Parmi les principales propositions de Feijóo figurent : le visa à points pour les immigrants ; embauche temporaire d'immigrés de manière « légale et planifiée » pour couvrir les campagnes saisonnières et avec « retour à temps garanti » ; une « autorité unique » en matière d'immigration ; lier le revenu minimum vital à la recherche d'emploi ; ou un durcissement des conditions d'accès à la nationalité espagnole.

LA RUPTURE DE JUNTS Lors de la réunion de Feijóo avec son équipe à Melilla, la décision de Junts d'officialiser sa rupture avec le PSOE sera également abordée. Vendredi, la porte-parole parlementaire de cette formation, Miriam Nogueras, a annoncé des amendements à toutes les lois présentées par l'Exécutif, son vote contre celles qui sont déjà en cours d'élaboration et son refus de soutenir les hypothétiques budgets pour 2026. « La législature de Pedro Sánchez est bloquée », a-t-elle déclaré.

Le « populaire » ne parle pas de motion de censure et exhorte Pedro Sánchez à convoquer des élections parce qu'il comprend que la législature est « terminée » et que seuls les Espagnols peuvent avoir une voix pour s'exprimer lors des élections.

Pour l'instant, le Groupe Populaire du Congrès a enregistré la demande de comparution urgente en séance plénière du Président du Gouvernement pour expliquer « comment il entend garantir la gouvernabilité de l'Espagne » après l'annonce du parti de Carles Puigdemont de bloquer la législature.

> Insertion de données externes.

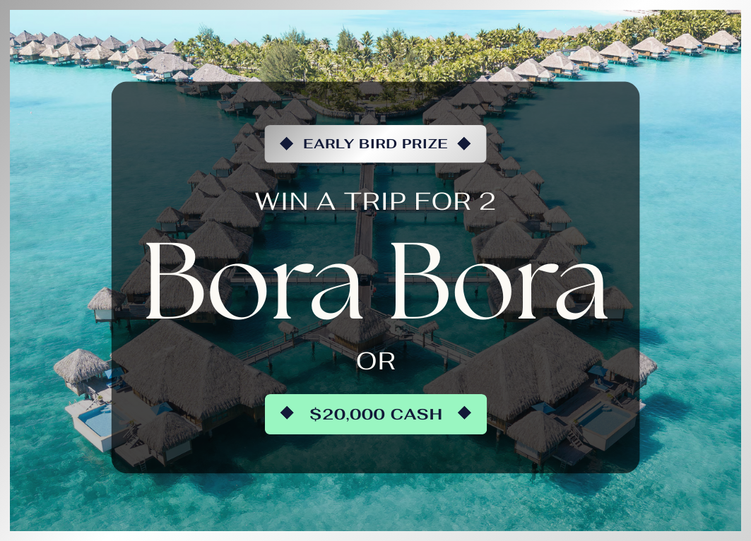 Win a dream escape to Bora Bora for two people, including flights and accommodation — or take $20,000 cash.

UNE SEMAINE MARQUÉE PAR « L’AGENDA JUDICIAIRE » DU GOUVERNEMENT

La rencontre de Feijóo avec son comité directeur sera également marquée par l'intense « agenda judiciaire » du gouvernement face aux affaires de corruption qui « accaparent » le gouvernement de Pedro Sánchez, selon des sources du parti.

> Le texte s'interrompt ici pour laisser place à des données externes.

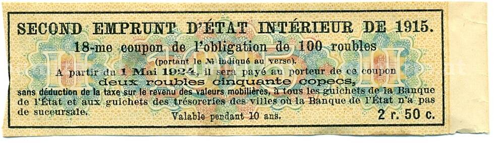 Купон от облигации 100 рублей 1915 года «Второй внутренний государственный заем» (Артикул: K10-12887): подробные характеристики, качественные фотографии в высоком разрешении, низкая цена.

Au PP, on rappelle que la semaine commencera le 11 avec la déclaration comme accusée de l'ancien militant du PSOE Leire Díez pour des délits présumés de trafic d'influence et de corruption ; et se poursuivra le 12 novembre avec la déclaration du procureur général de l'État, Álvaro García Ortiz. En outre, ils soulignent que l'avocat général de l'UE devrait rendre ses premières conclusions sur la loi d'amnistie le 13 novembre.

Précisément, le mercredi 12 novembre, Sánchez comparaîtra devant la séance plénière du Congrès pour rendre compte, outre les derniers sommets internationaux et le fonctionnement des services publics, des cas de corruption présumée qui touchent sa famille et le PSOE. Mardi dernier, le PP a réussi à inscrire à l'ordre du jour de cette comparution le point relatif à ces enquêtes sur le PSOE et le Gouvernement.

AU MILIEU DES CONTACTS DE PP ET VOX POUR LIBÉRER MAZÓN

La réunion de Melilla aura lieu une semaine seulement après la démission de Carlos Mazón comme président de la Generalitat, une étape qui a ouvert un processus de négociation entre PP et Vox pour tenter de parvenir à un accord autour d'une personne de consensus.

Feijóo et Abascal ont eu une conversation mardi, au cours de laquelle le premier a défendu la nécessité de « donner de la stabilité » à la Communauté valencienne, un extrême que, selon des sources « populaires », le président de Vox partageait également.

Feijóo lui-même a expressément demandé à Vox d'être « à la hauteur » et de « faciliter le plus rapidement possible » l'élection du nouveau président de la Generalitat, puisque, comme il l'a dit, la tâche politique « la plus urgente » continue d'être la reconstruction de la Communauté valencienne après les dégâts.

C'est un message qui a été répété ces jours-ci par d'autres voix de la direction nationale du PP, comme le secrétaire général du parti, Miguel Tellado, qui a défendu ce mercredi « d'éviter » les élections car « aucun Valencien ne comprendrait » que la reconstruction serait désormais « paralysée » par le processus électoral.